(Extracted data entries)
━━━

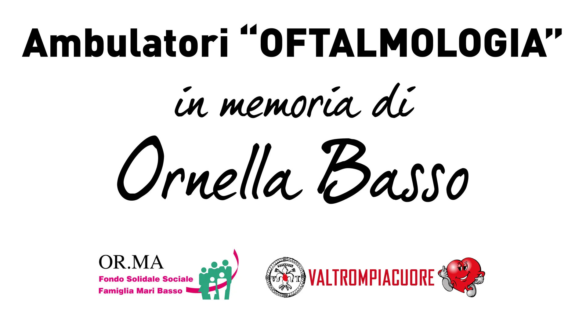 A completamento del progetto d’implementazione delle prestazioni Oftalmologiche del Reparto diretto dal Prof. Francesco Semeraro presso l’ASST Spedali Civili di Brescia, donazione dell’apparecchiatura Laser a Duplicazione per la Fotocoagulazione e la Fotostimolazione Retinica. In coerenza a questo provvedimento l’Associazione Valtrompiacuore e OR.MA Fondo Solidale Sociale Famiglia Mari Basso ottengono presso il Presidio Ospedaliero di Gardone Val Trompia l’avvio del servizio oftalmologico, da essi promosso e fermamente voluto, specializzato nella chirurgia della cataratta. Tale servizio ospedaliero, che finalmente permette di evitare le disagevoli trasferte di tanti pazienti triumplini in altri presidi e ambulatori, è dedicato alla memoria di Ornella Basso.
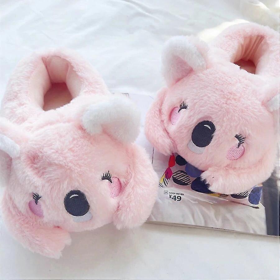 Women's Koala Shape Cotton Slippers, Warm Indoor, Non-Slip in Pink and Grey
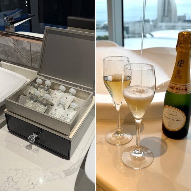大理石があしらわれ、広々としたバスルームも、横浜らしい景色を一望できるビューバス仕様。みなとみらいのビル群や大観覧車が目の前に見え、特に日が暮れてからは夜景がきれい。備え付けのアメニティでバブルバスも楽しめるので、景色を眺めながら優雅なバスタイムが満喫できる。こんな特別な体験をプレゼントすれば、パートナーもきっと喜んでくれるはず。お風呂上がりにはバスローブに着替え、2人だけのくつろぎタイム。スイートルームは客室のミニバー無料の特典付き。2人の大切な日に、スパークリングワインで乾杯しよう。
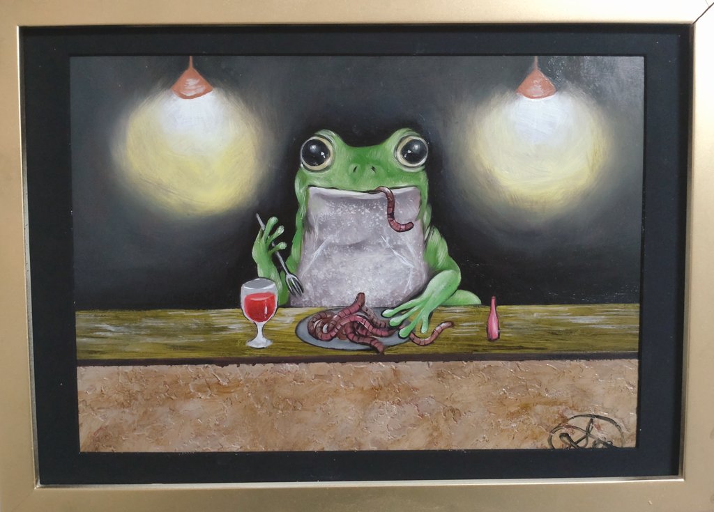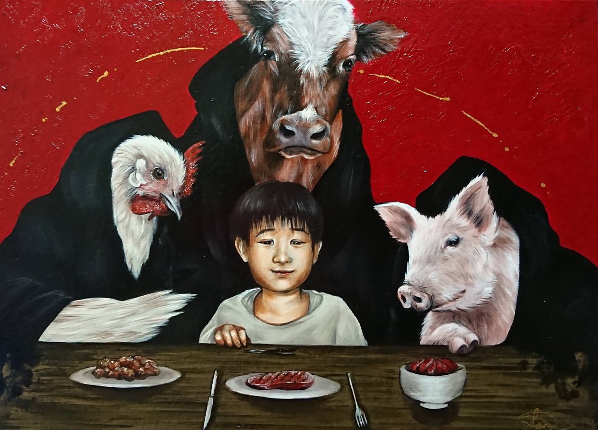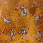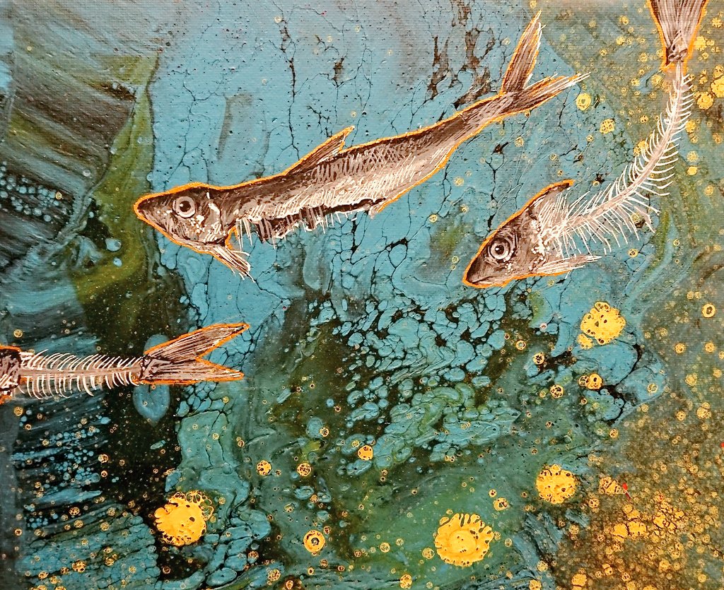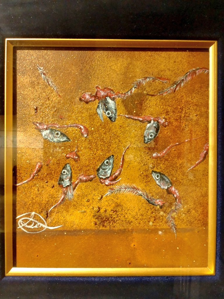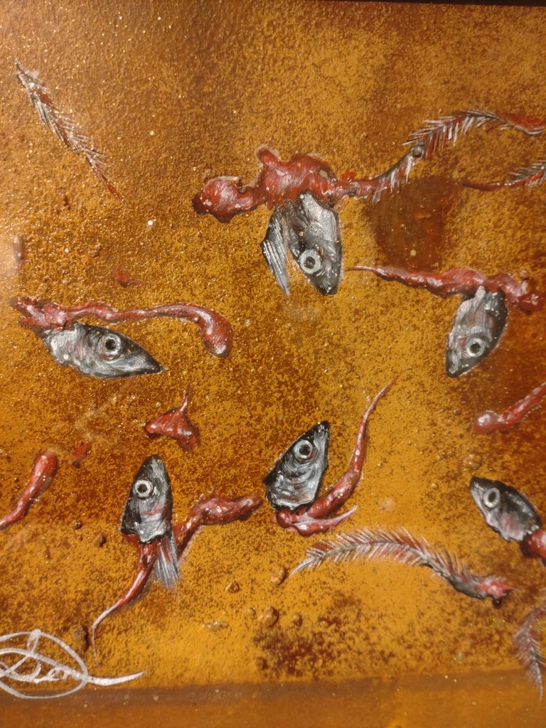 「キビナゴの夢」 鹿児島で初めて食べたキビナゴ。 慣れた手付きでキビナゴは捌かれ、まな板の上で頭だけになりながら泳いでいました。 また必ず食べたい味として記憶に残る魚でした。 . #油絵 #アナログ絵 #キビナゴ #鹿児島 #絵描きさんと繋がりたい #絵画 #oilpainting
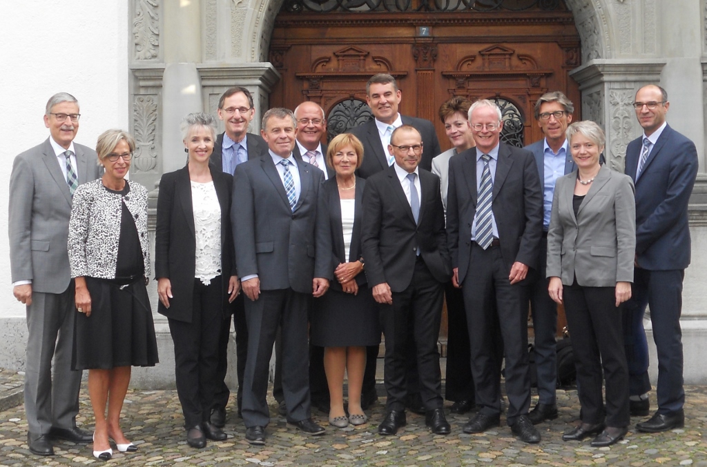 von links nach rechts: Beat Husi (Staatsschreiber ZH), Rosmarie Widmer Gysel, Carmen Walker-Späh, Mario Fehr, Ernst Stocker (Regierungspräsident ZH), Markus Kägi, Ursula Hafner-Wipf, Christian Amsler, Ernst Landolt (Regierungspräsident SH), Silvia Steiner, Reto Dubach, Thomas Heiniger, Jacqueline Fehr, Stefan Bilger (Staatsschreiber SH)
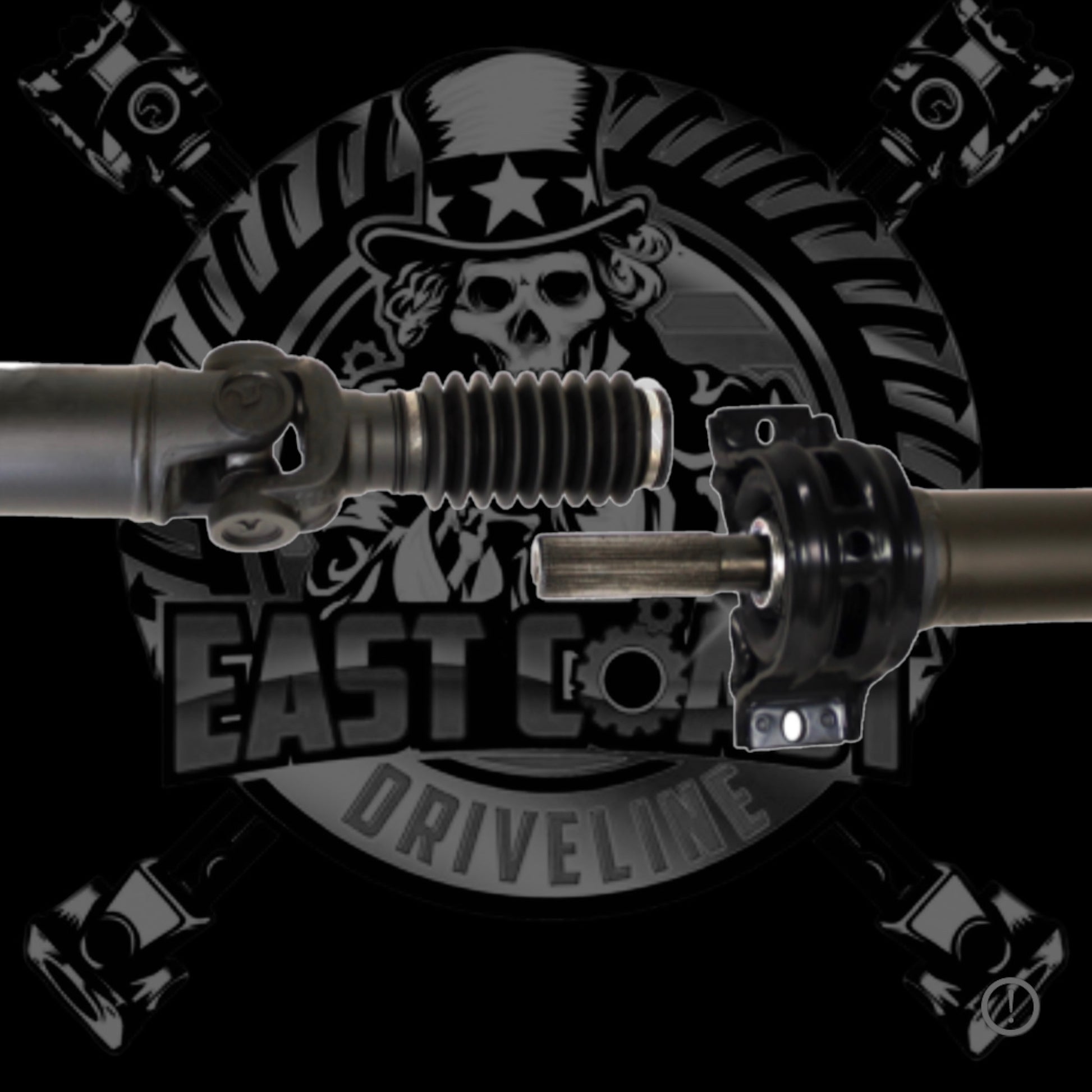 2 Piece Stock Replacement Driveshaft Made with HD 1550 Series Parts, Solid U-Joints, and a Serviceable Hanger Bearing
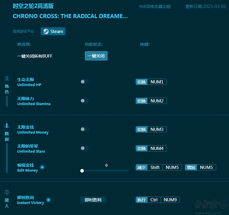 时空之轮2高清版修改器是一款专业的游戏修改器,为游戏《时空之轮2高清版》提供无限生命,无限体力,无限金钱,无限星星,即时胜利等游戏帮助。有了这款修改器,玩家能够更顺利的冒险,通关完美结局!感兴趣的朋友不要错过,KK下载站推荐大家下载体验!
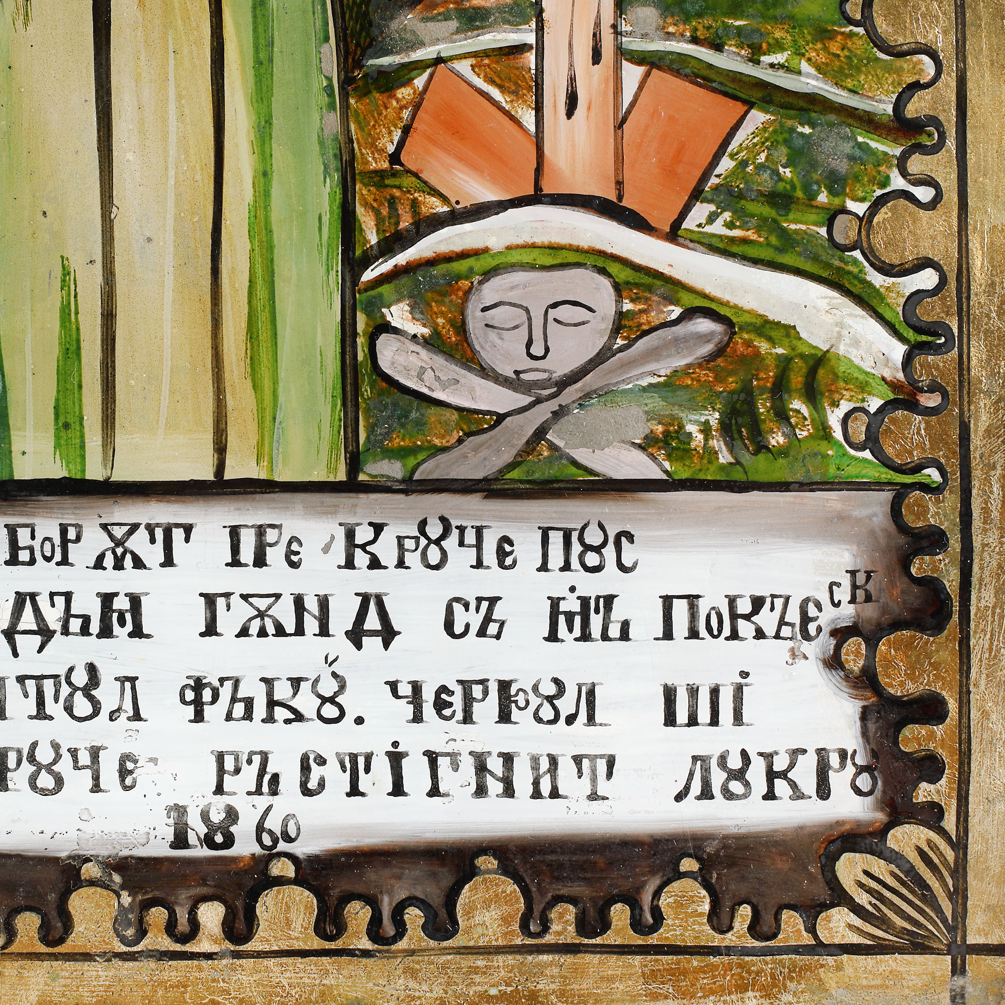 7Т. Icoană pe glajă, ”Maica Domnului Îndurerată”, zugrav Savu Moga, Arpașu de Sus, Făgăraș, 1860, piesă extrem de rară, de colecție
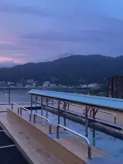 On the rooftop, there is also a foot bath with a beautiful view of the mountains and the lake — highly recommended.
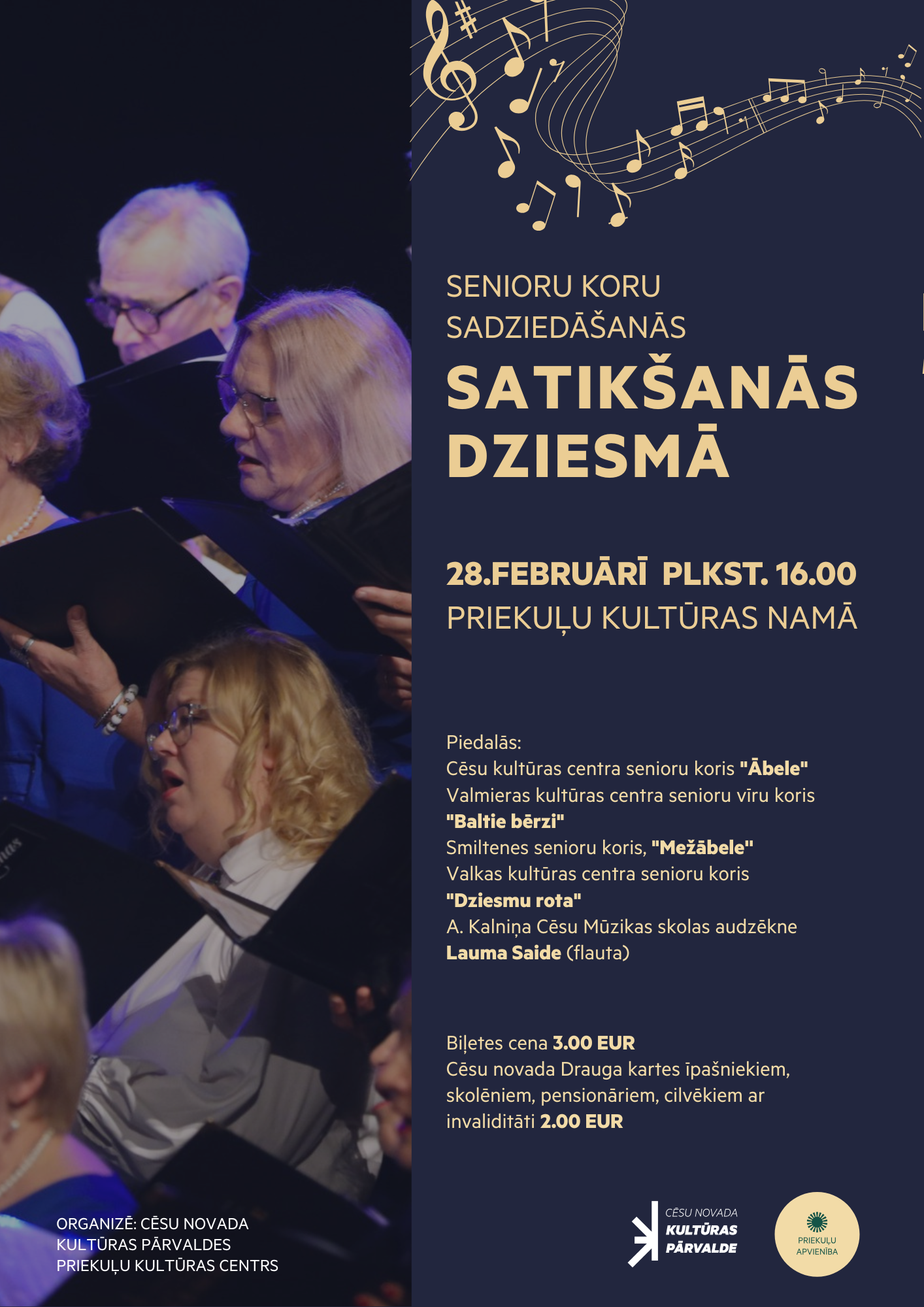 Sestdien, 28. februārī, plkst. 16.00 Priekuļu Kultūras namā notiks senioru koru sadziedāšanās “Satikšanās dziesmā”.
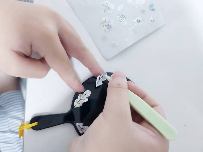 오늘 소개해드릴 놀이는 우리나라 전통공예 나전칠기 거울 꾸미기 놀이랍니다~

━━━

▶ [WHAT NEEDS TO BE DONE]: Each line above starting at the one holding "大理石があしらわれ、広々とし" and ending at the one holding "时空之轮2高清版修改器是一款" should be set down exactly as it stands, both ends included, with no pictures.

▶ [FINISHED TASK]:
大理石があしらわれ、広々としたバスルームも、横浜らしい景色を一望できるビューバス仕様。みなとみらいのビル群や大観覧車が目の前に見え、特に日が暮れてからは夜景がきれい。備え付けのアメニティでバブルバスも楽しめるので、景色を眺めながら優雅なバスタイムが満喫できる。こんな特別な体験をプレゼントすれば、パートナーもきっと喜んでくれるはず。お風呂上がりにはバスローブに着替え、2人だけのくつろぎタイム。スイートルームは客室のミニバー無料の特典付き。2人の大切な日に、スパークリングワインで乾杯しよう。
 「キビナゴの夢」 鹿児島で初めて食べたキビナゴ。 慣れた手付きでキビナゴは捌かれ、まな板の上で頭だけになりながら泳いでいました。 また必ず食べたい味として記憶に残る魚でした。 . #油絵 #アナログ絵 #キビナゴ #鹿児島 #絵描きさんと繋がりたい #絵画 #oilpainting
 von links nach rechts: Beat Husi (Staatsschreiber ZH), Rosmarie Widmer Gysel, Carmen Walker-Späh, Mario Fehr, Ernst Stocker (Regierungspräsident ZH), Markus Kägi, Ursula Hafner-Wipf, Christian Amsler, Ernst Landolt (Regierungspräsident SH), Silvia Steiner, Reto Dubach, Thomas Heiniger, Jacqueline Fehr, Stefan Bilger (Staatsschreiber SH)
 2 Piece Stock Replacement Driveshaft Made with HD 1550 Series Parts, Solid U-Joints, and a Serviceable Hanger Bearing
 时空之轮2高清版修改器是一款专业的游戏修改器,为游戏《时空之轮2高清版》提供无限生命,无限体力,无限金钱,无限星星,即时胜利等游戏帮助。有了这款修改器,玩家能够更顺利的冒险,通关完美结局!感兴趣的朋友不要错过,KK下载站推荐大家下载体验!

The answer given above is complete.